Paradoxe Perdu de Fredric Brown

Pour moi ses recueils de nouvelles sont merveilleux. Celui-ci comprend les dernières pages qu’il ait achevées. c’est une sorte d’adieu à ses lecteurs et j’espère que, comme moi, ils y seront sensibles.
Elisabeth Brown, préface.

Recueil de 14 nouvelles, majoritairement issues du recueil “Paradox Lost” mais également issues d’autres recueils

Un des nombreux recueils de nouvelles de Brown que l’on peut trouver avec bonheur chez les bouquinistes (pas d’édition récente de Paradoxe perdu).
Il s’agit généralement d’une SF assez classique, Brown a fait de nombreuses variations dans ses nouvelles sur le thème “premier contact” : Les ondulats, politesse, Sirius et Pas-coutume, Obéissance, Paradoxe perdu rien que pour le présent recueil.
D’autres nouvelles donnent une idée du sens de l’inattendu de l’auteur, adepte de la pirouette finale, quand le lecteur change d’angle de vision et comprend tout. Plusieurs nouvelles en 2 pages sont sur ce principe.

J’ai été un peu déçu par 2 nouvelles, Le dernier train et aélurophobe, qui m’ont eu l’air de souffir d’un problème de traduction, comme s’il me manquait le jeu de mots qui explique tout, ou la référence culturelle typiquement américaine.

Mais dans l’ensemble, un bon recueil de SF “classique”.

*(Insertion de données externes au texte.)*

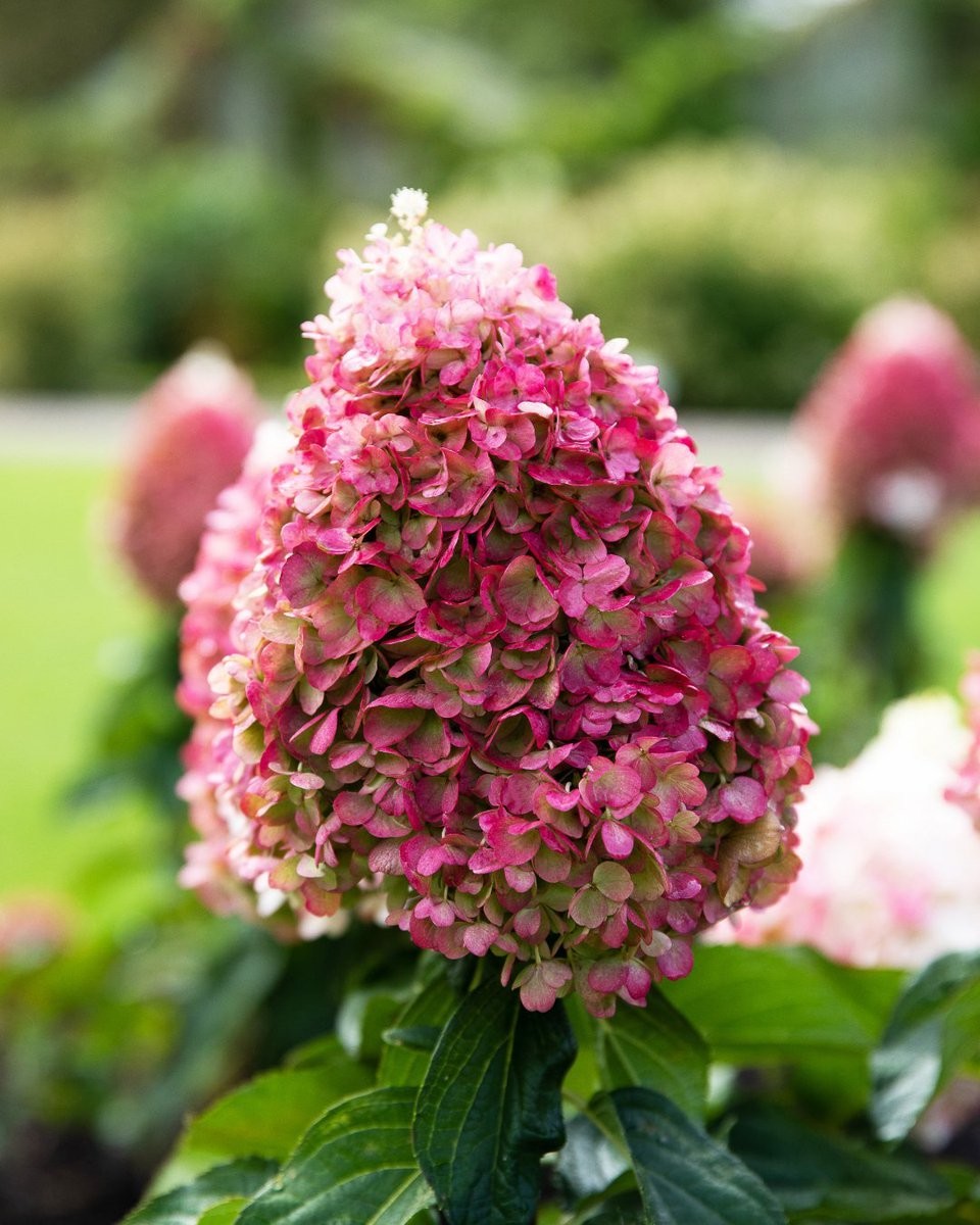 Высота этой гортензии не превышает 0,6 - 0,7 м и 0,7 -0,8 м в ширину. Обладает удивительно прочными побегами, а потому куст не разваливается и держит форму даже в период обильного цветения. Соцветие пышное, 15-20 см, состоит из стерильных цветков. В начале цветения цветки ослепительно белого цвета, затем окрашиваются в нежно-розовые тона, и к концу становятся насыщенно розового цвета с лаймовым центром и желто-зелеными цветками внутри метелки. Цветет с июля по сентябрь.

L’horreur arriva un peu après midi, par une étouffante journée d’aout. Elle était perchée sur le bourricot du père Dade et ses pieds trainaient dans le sable. Ce qui la rendait horrible à regarder, c’était sa peau d’un rouge cru. Le reste passait mieux, à condition d’oublier les cheveux bleu vif.
“Planète à forte gravitation, nota-t’il, Je ne peux pas rester debout longtemps”.
Il ne tendit pas la main et Casey en fut soulagé.
“Pourquoi, dit-il, vous a-t-on choisi comme plénipotentiaire?
– Parce que j’ai une vague ressemblance avec les humains. Je suis donc probablement plus repoussant pour vous qu’un représentant d’une espèce très différente.”
Là-dessus, il s’allongea sur le dos et ferma les yeux.
Casey affolé posa son oreille sur la poitrine sanguinolente.
“Pas de battement de coeur, dit le vieux Dade. En fait, y a pas de coeur.”
Le bourricot regardait tout ça d’un oeil glauque et Casey n’y comprenait rien. Où était le piège ?

Pocket SF (1990)186 pages ISBN : 9782266035101
Traduction : Jean Sendy
Titre Original : Paradox Lost (1963)

Couverture : Siudmak
Calmann Levy 1974
QuatrièmeCe fut au moment où la grosse mouche bleue pénétra dans la classe que Shorty Mac Cabe décida finalement que le cours de logique du Pr Dolohan était dépourvu d’intérêt.
Certes, il était plus passionnant de poursuivre la grosse mouche bleue partie en emportant ses mains et, par-delà le paradoxe du temps, de méditer sur l’utilisation du lance-pierres dans la chasse aux dinosaures.
Percuter à 50 km/heure une petite fille à bicyclette et n’en jamais retrouver trace, voilà de quoi préoccuper Lorenz Kane. Mais quand il eut délibérement tué une autre personne – également introuvable -, il fut convaincu qu’il était le seul à exister.